2. Consider the skills you have to offer.
If you enjoy outdoor work, have a knack for teaching, or just enjoy interacting with people, you may want to look for volunteer work which would incorporate these aspects of your personality. Many positions require a volunteer who has previous familiarity with certain equipment, such as computers, or who possesses certain skills, such as ability in athletics or communications. For one of these positions, you might decide to do something comparable to what you do on the job during your work day, or something which you already enjoy as a hobby. This sort of position allows you to jump right into the work without having to take training to prepare for the assignment.

3. Would you like to learn something new?
Perhaps you would like to learn a new skill or gain exposure to a new situation. Consider seeking a volunteer opportunity where you'll learn something new. For example, volunteering to work on the newsletter for the local animal shelter will improve your writing and editing abilities--skills that may help you in your career. Or, volunteering can simply offer a change from your daily routine. For example, if your full-time job is in an office, you may decide to take on a more active volunteer assignment, such as leading tours at an art museum or building a playground. Many nonprofits seek out people who are willing to learn. Realize beforehand, however, that such work might require a time commitment for training before the actual volunteer assignment begins.

4. Combine your goals.
Look for volunteer opportunities that will also help you achieve your other goals for your life.

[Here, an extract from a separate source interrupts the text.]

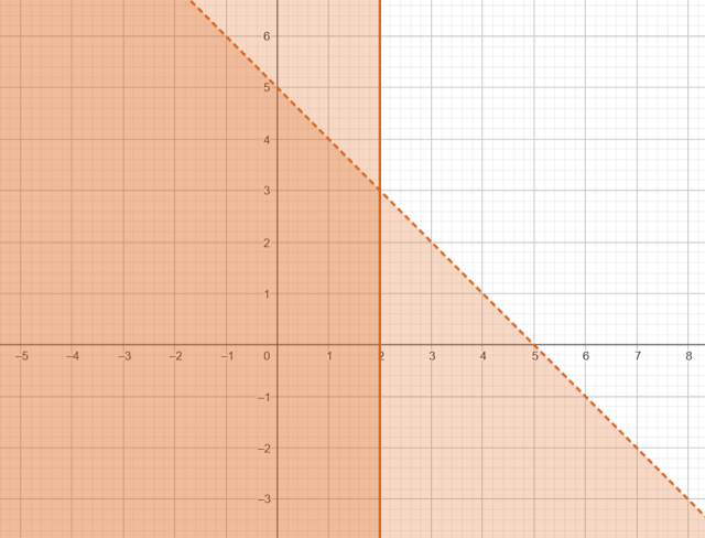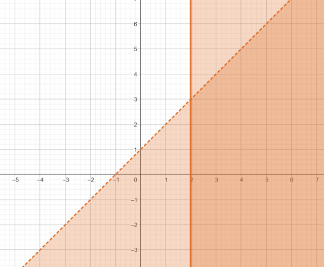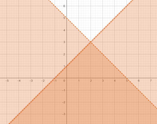 Zaznacz w układzie współrzędnych zbiór punktów będący rozwiązaniem nierówności: y – |x – 2| < 3.

For example, if you want to lose a few extra pounds, pick an active volunteer opportunity, such as cleaning a park or working with kids. Or, if you've been meaning to take a cooking class, try volunteering at a food bank that teaches cooking skills.

5. Don't over-commit your schedule.
Make sure the volunteer hours you want to give fit into your hectic life so that you don't frustrate your family, exhaust yourself, shortchange the organization you're trying to help, or neglect your job. Do you want a long-term assignment or something temporary? If you are unsure about your availability, or want to see how the work suits you before making an extensive commitment, see whether the organization will start you out on a limited number of hours until you get the feel of things. Better to start out slowly than to commit yourself to a schedule you can't--or don't want to--fulfill.

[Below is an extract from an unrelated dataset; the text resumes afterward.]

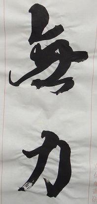 ....古典なき筆意は空虚であり 方法なき書作は盲目である....・左、-3D CALLIGRAPHY「無為-無-」-顔真卿-争坐位稿、・右、-半紙臨書(無力)-光明皇后-杜家立成雑書要略(正倉院御物)
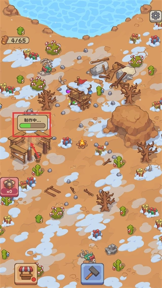 制作道具时,只需等待【制作中...】的进度条走完,就能得到成品;之后还能借助工具和建筑,进一步开拓生存所需的资源。

6. Nonprofits may have questions, too.
While most nonprofits are eager to find volunteer help, they have to be careful when accepting the services you offer. If you contact an organization with an offer to donate your time, you may be asked to come in for an interview, fill out a volunteer application, describe your qualifications and your background--just as you would at an interview for a paying job. It is in the organization's interest, and more beneficial to the people it serves, to make certain you have the skills needed, that you are truly committed to doing the work, and that your interests match those of the nonprofit. Furthermore, in volunteer work involving children or other at-risk populations, there are legal ramifications for the organization to consider.

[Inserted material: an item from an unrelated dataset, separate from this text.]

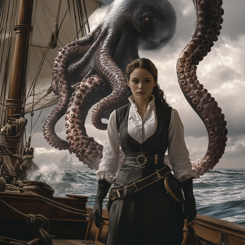 Photorealistic image of the front view of a short Caucasian white woman with dark hair wearing clothing befitting a captain standing on the deck of her sailing ship. Behind her, a single giant tentacle rises above the ocean and is landing on the deck.

7. Consider volunteering as a family.
Think about looking for a volunteer opportunity suitable for parents and children to do together, or for a husband and wife to take on as a team. When a family volunteers to work together at a nonprofit organization, the experience can bring them closer together, teach young children the value of giving their time and effort, introduce everyone in the family to skills and experiences never before encountered, and give the entire family a shared experience as a wonderful family memory.